请问能使用 -XX:+PrintSafepointStatistics 来看看VM暂停的统计信息么?
一共是这几个参数:

C++代码   收藏代码
  1. product(bool, PrintSafepointStatistics, false,                            \  
  2.         "print statistics about safepoint synchronization")               \  
  3.                                                                           \  
  4. product(intx, PrintSafepointStatisticsCount, 300,                         \  
  5.         "total number of safepoint statistics collected "                 \  
  6.         "before printing them out")                                       \  
  7.                                                                           \  
  8. product(intx, PrintSafepointStatisticsTimeout,  -1,                       \  
  9.         "print safepoint statistics only when safepoint takes"            \  
  10.         " more than PrintSafepointSatisticsTimeout in millis")            \  
qianhd 2011-12-30
应该可以 
但是这问题也就遇到过这一次  未必能重现 
这地方只要出现过一次的问题 都能报bug 

就连temp目录垃圾文件太多 导致程序里创建临时文件太慢 使得程序响应变慢 都能报个bug.
william_ai 2011-12-30
3分钟以内,但是频率不能太高了。
xiaoyu 2011-12-31
Threaddump 一下. 先看看有没有其他东西在block住... 对于2边网络, 也最好使用tcpdump看一下是否出现什么问题(是不是ARP失效等, 是不是发送, 接收缓冲区满了等等)...

x_root 2012-01-01
你可以将readTimeout时间设大点,这个问题我以前也遇到过,GC时间过长,导致服务端以为连接无效而关闭了。

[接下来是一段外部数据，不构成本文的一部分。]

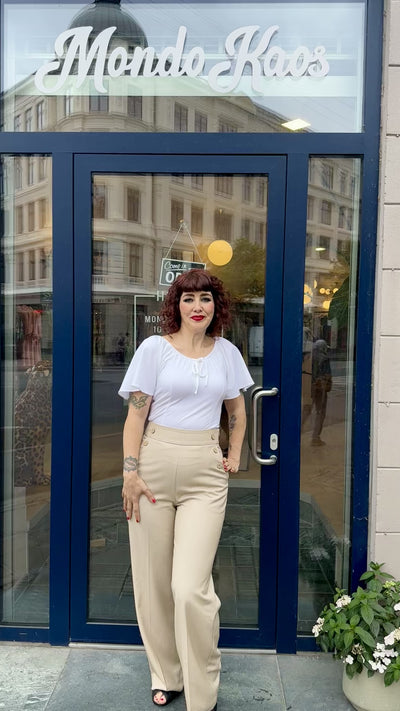 Højtaljede sailor bukser med knapper i siderne fra Daisy Dapper i beige sand.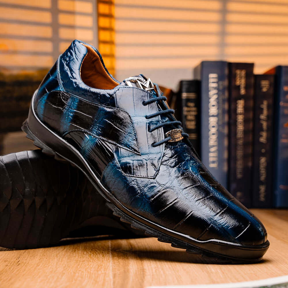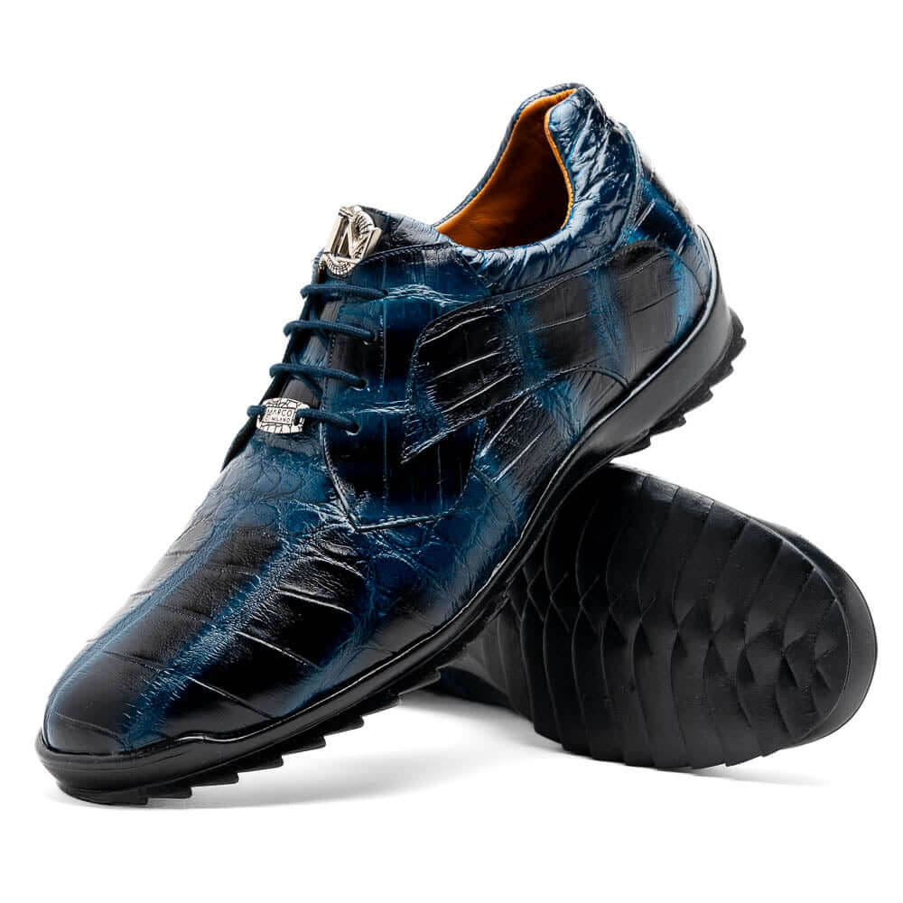 - Marco Di Milano Vulcan Men's Shoes Navy Exotic Alligator Derby Sneakers (MDM1195)

不过你的设置-Xmx128m却导致GC要一分多钟却有点不可思议。
iaimstar 2012-01-04
Xmx128m 也能一分钟以上?你这fullgc是坑爹啊
moonese 2012-02-27
会不会是对方程序的问题? 最后查出原因了?
qianhd 2012-02-29
最终没有查出原因, 因为很难复现 
这破烂货一般来说只要开3天以上, 就会有很多莫名其妙的问题. 所以建议用户不用就关掉 
从上面的[Timer-9200]就可以看出代码质量有多少差 
当然这破烂货不是我写的.
jjshanwei 2012-03-07
Xmx128m 的fullgc 要一分钟? 应改不是gc本身的问题
moonese 2012-03-08
jjshanwei 写道
Xmx128m 的fullgc 要一分钟? 应改不是gc本身的问题


不知道是不是这台机器太老,内存太小,上面跑的程序太多的缘故。 

建议加上打印gc日志的参数 -verbose:gc -XX:+PrintGCDetails -Xloggc:timer_gc.log,分析gc的日志,就知道是不是 GC 导致的问题了。 

或是用 jconsole / jvisualvm 监控下程序的 heap 使用情况。 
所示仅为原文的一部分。